◆ Dataset extract
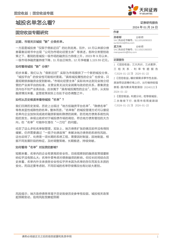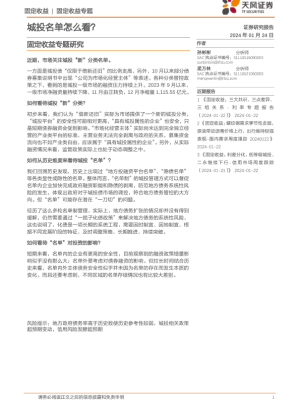 【天风证券】【20240124】固定收益专题研究:城投名单怎么看?-14页
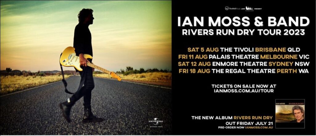 Ian Moss database members can secure early-bird tickets for the Rivers Run Dry Tour Solo & Acoustic Mode regional shows from 9.00am on Monday 29 May to 11.59pm on Monday 29 May (local times). To register sign up at RRDpre-sale2023
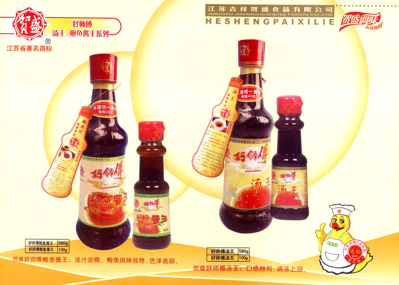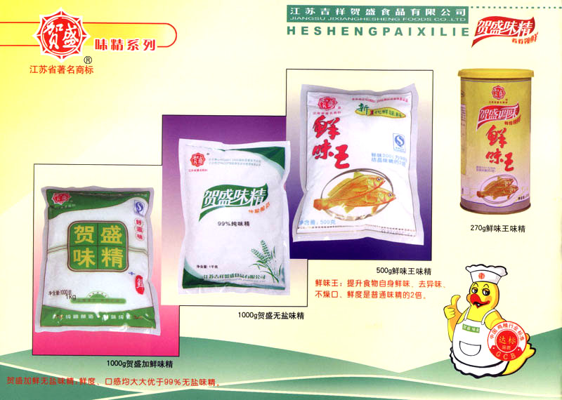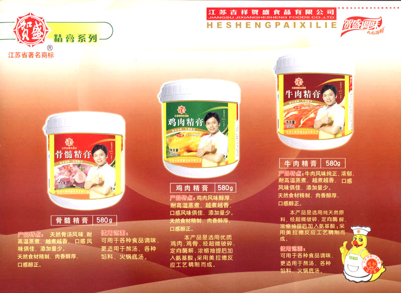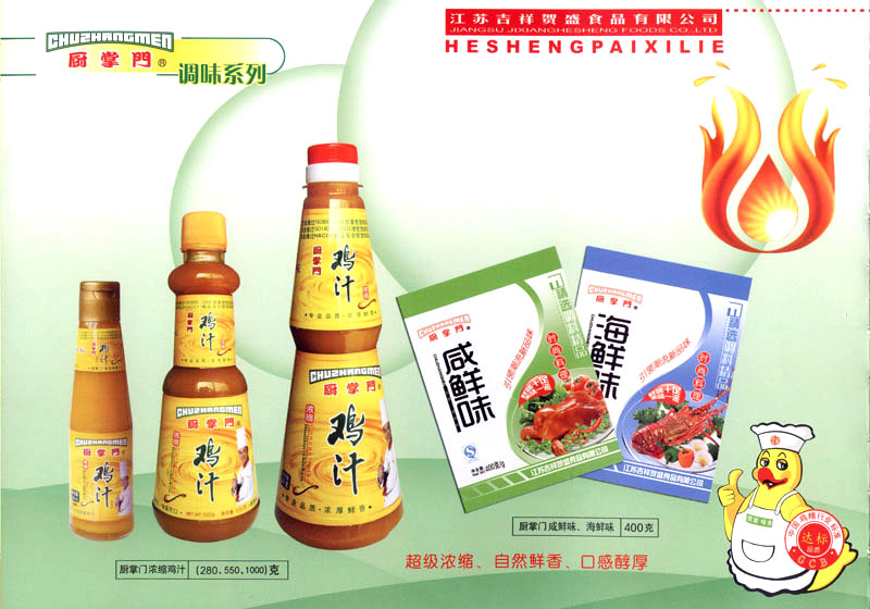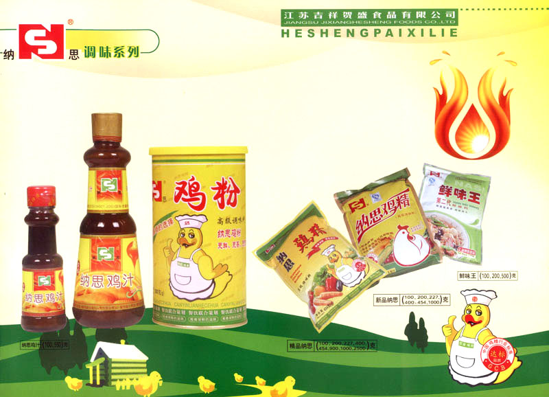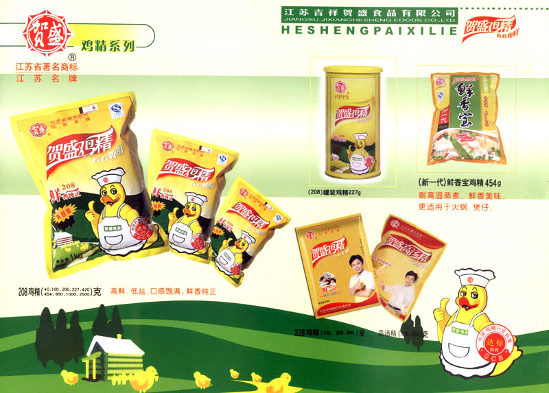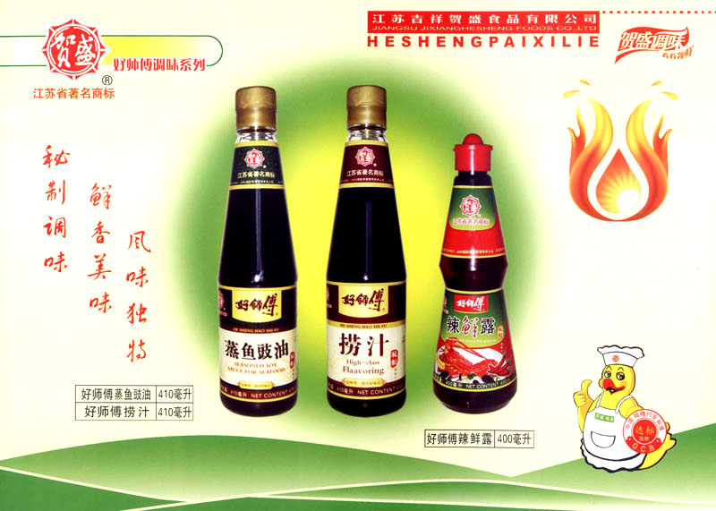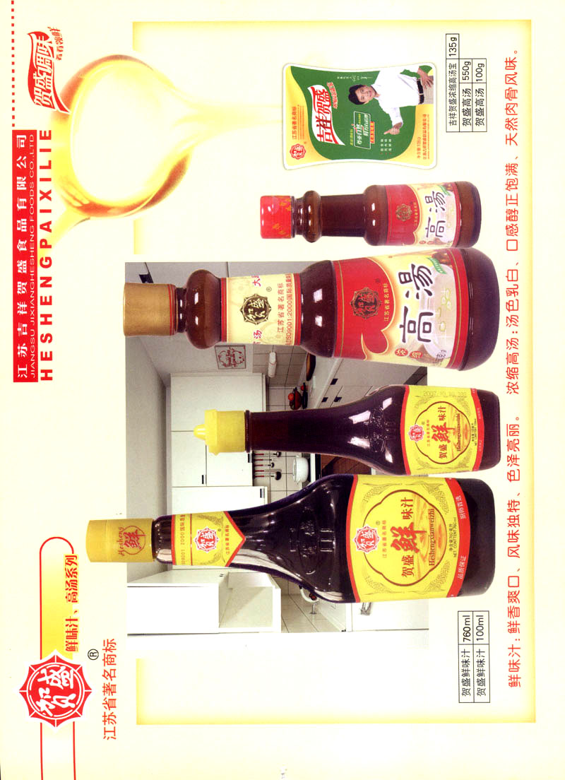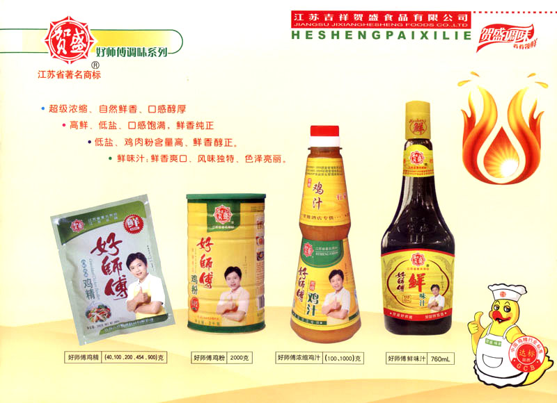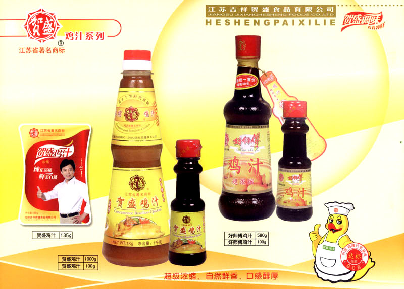 江蘇吉祥賀盛食品有限公司是一家中國專業(yè)餐料知名制造商,公司座落在經(jīng)濟(jì)高度發(fā)達(dá)“長三角”的常州市,緊靠312國道,滬寧高速與沿江高速交匯處,距常州火車站及長江水運碼頭20千米,交通十分便利。公司占地面積23500平方米,花園式工廠、廠房面積18500平方米,現(xiàn)在員工330余名,其中擁有中、高級職稱管理和技術(shù)人員58名,生產(chǎn)場地均按食品和藥品GMP要求設(shè)計、全封閉車間、中央空調(diào)系統(tǒng)、閉路電視監(jiān)控系統(tǒng)。目前已建成成三條雞精,雞粉生產(chǎn)線。一條雞汁生產(chǎn)線。一條鮮味汁生產(chǎn)線。一條醬汁精膏類生產(chǎn)線,規(guī)劃年生產(chǎn)能力達(dá)30000噸。 “賀盛”品牌取自《詩·大雅·下武》中“受天之祜、 四方來賀”;《易經(jīng)》中“富有謂之大業(yè),日新之謂盛德”,賀盛企業(yè)師法源遠(yuǎn)流長中華飲食文化,融匯中西健康美食調(diào)味。相繼研發(fā)生產(chǎn)出高品質(zhì)的“賀盛牌”味精、雞精、雞粉、雞汁、湯王、鮑魚醬王、鮮味汁調(diào)味素和各種風(fēng)味熱反應(yīng)精膏等系列產(chǎn)品。二十年來“賀盛”產(chǎn)品質(zhì)量獲得廚藝界專業(yè)人士和消費者的一致好評和高度認(rèn)可。 賀盛企業(yè)和產(chǎn)品相繼榮獲1995年“首界中國國際食品博覽會金獎”,2001年企業(yè)通過ISO-9001國際質(zhì)量體系認(rèn)證,2003年江蘇省“計量保證確認(rèn)單位”,2004年獲得自營出口權(quán),2005年賀盛雞精榮獲“江蘇名牌產(chǎn)品”,2006年賀盛商標(biāo)被評為“江蘇省著名商標(biāo)”,2007年通過HACCP認(rèn)證,全部產(chǎn)品均通過QS食品安全認(rèn)證,并積極努力爭創(chuàng)中國名牌,中國馳名商標(biāo)。 公司銷售網(wǎng)點建設(shè)發(fā)展迅速,相繼組建上海、南京、河南、海南、新疆全資分公司;辦事處、經(jīng)銷商覆蓋全國,并出口日本、香港及東南亞地區(qū)。二十年來,在公司總裁周國林先生帶領(lǐng)下,全體同仁秉承“厚德載物、自強不息”宗旨,發(fā)揚“以人為本、科技創(chuàng)新、自我加壓、爭創(chuàng)一流”的企求精神;致力于傳承中華飲食文化,融化西方美食精粹,不斷的研發(fā)、創(chuàng)新,奉獻(xiàn)更多更好的調(diào)味料,讓生活更有滋味。公司總裁周國林先生攜全體員工熱誠歡迎各位新老朋友蒞臨指導(dǎo),洽談合作!
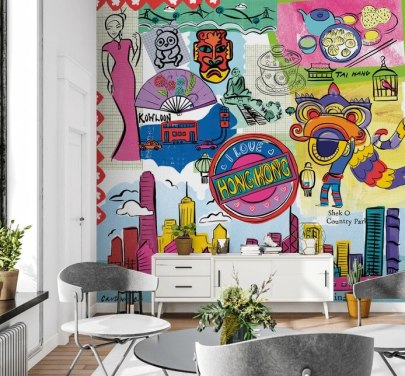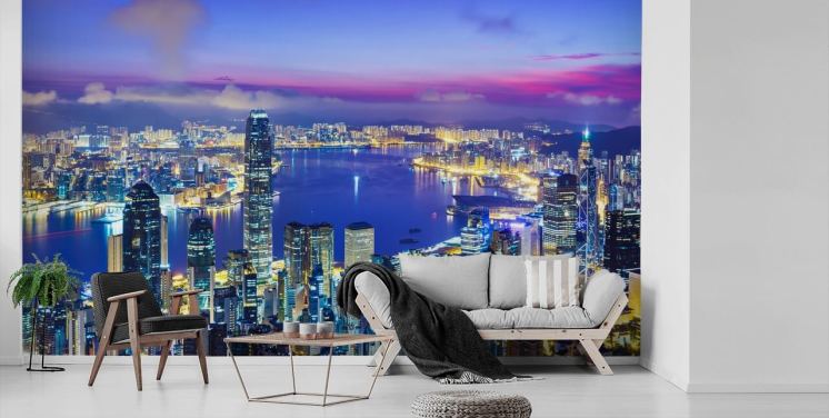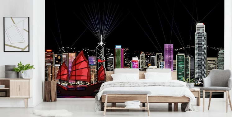 Med en imponerende skyline, fantastisk havn og travle bygader tilbyder Hong Kong masser af muligheder for et imponerende vægmaleri. Denne livlige by kan nydes på værelset ved imponerende fotografering eller dristige illustrationer, der fanger byen om dagen eller om natten.
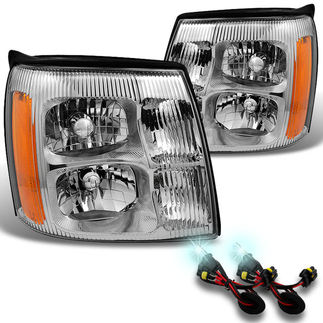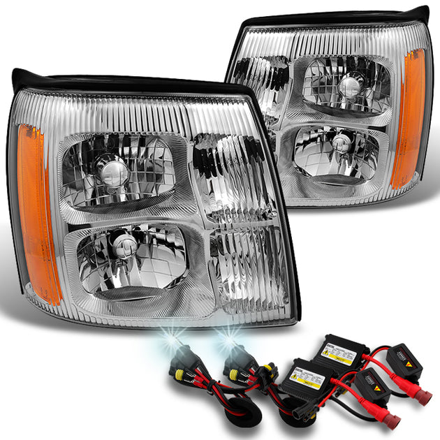 AKKON - For Escalade Chrome Clear Halogen Type Headlights Replacement Pair + Slim Ballast 6000K White HID

◆ Task to complete
Could you repeat the entries word for word, skipping the pictures they contain?

◆ Response to the task
 【天风证券】【20240124】固定收益专题研究:城投名单怎么看?-14页
 Ian Moss database members can secure early-bird tickets for the Rivers Run Dry Tour Solo & Acoustic Mode regional shows from 9.00am on Monday 29 May to 11.59pm on Monday 29 May (local times). To register sign up at RRDpre-sale2023
 江蘇吉祥賀盛食品有限公司是一家中國專業(yè)餐料知名制造商,公司座落在經(jīng)濟(jì)高度發(fā)達(dá)“長三角”的常州市,緊靠312國道,滬寧高速與沿江高速交匯處,距常州火車站及長江水運碼頭20千米,交通十分便利。公司占地面積23500平方米,花園式工廠、廠房面積18500平方米,現(xiàn)在員工330余名,其中擁有中、高級職稱管理和技術(shù)人員58名,生產(chǎn)場地均按食品和藥品GMP要求設(shè)計、全封閉車間、中央空調(diào)系統(tǒng)、閉路電視監(jiān)控系統(tǒng)。目前已建成成三條雞精,雞粉生產(chǎn)線。一條雞汁生產(chǎn)線。一條鮮味汁生產(chǎn)線。一條醬汁精膏類生產(chǎn)線,規(guī)劃年生產(chǎn)能力達(dá)30000噸。 “賀盛”品牌取自《詩·大雅·下武》中“受天之祜、 四方來賀”;《易經(jīng)》中“富有謂之大業(yè),日新之謂盛德”,賀盛企業(yè)師法源遠(yuǎn)流長中華飲食文化,融匯中西健康美食調(diào)味。相繼研發(fā)生產(chǎn)出高品質(zhì)的“賀盛牌”味精、雞精、雞粉、雞汁、湯王、鮑魚醬王、鮮味汁調(diào)味素和各種風(fēng)味熱反應(yīng)精膏等系列產(chǎn)品。二十年來“賀盛”產(chǎn)品質(zhì)量獲得廚藝界專業(yè)人士和消費者的一致好評和高度認(rèn)可。 賀盛企業(yè)和產(chǎn)品相繼榮獲1995年“首界中國國際食品博覽會金獎”,2001年企業(yè)通過ISO-9001國際質(zhì)量體系認(rèn)證,2003年江蘇省“計量保證確認(rèn)單位”,2004年獲得自營出口權(quán),2005年賀盛雞精榮獲“江蘇名牌產(chǎn)品”,2006年賀盛商標(biāo)被評為“江蘇省著名商標(biāo)”,2007年通過HACCP認(rèn)證,全部產(chǎn)品均通過QS食品安全認(rèn)證,并積極努力爭創(chuàng)中國名牌,中國馳名商標(biāo)。 公司銷售網(wǎng)點建設(shè)發(fā)展迅速,相繼組建上海、南京、河南、海南、新疆全資分公司;辦事處、經(jīng)銷商覆蓋全國,并出口日本、香港及東南亞地區(qū)。二十年來,在公司總裁周國林先生帶領(lǐng)下,全體同仁秉承“厚德載物、自強不息”宗旨,發(fā)揚“以人為本、科技創(chuàng)新、自我加壓、爭創(chuàng)一流”的企求精神;致力于傳承中華飲食文化,融化西方美食精粹,不斷的研發(fā)、創(chuàng)新,奉獻(xiàn)更多更好的調(diào)味料,讓生活更有滋味。公司總裁周國林先生攜全體員工熱誠歡迎各位新老朋友蒞臨指導(dǎo),洽談合作!
 Med en imponerende skyline, fantastisk havn og travle bygader tilbyder Hong Kong masser af muligheder for et imponerende vægmaleri. Denne livlige by kan nydes på værelset ved imponerende fotografering eller dristige illustrationer, der fanger byen om dagen eller om natten.
 AKKON - For Escalade Chrome Clear Halogen Type Headlights Replacement Pair + Slim Ballast 6000K White HID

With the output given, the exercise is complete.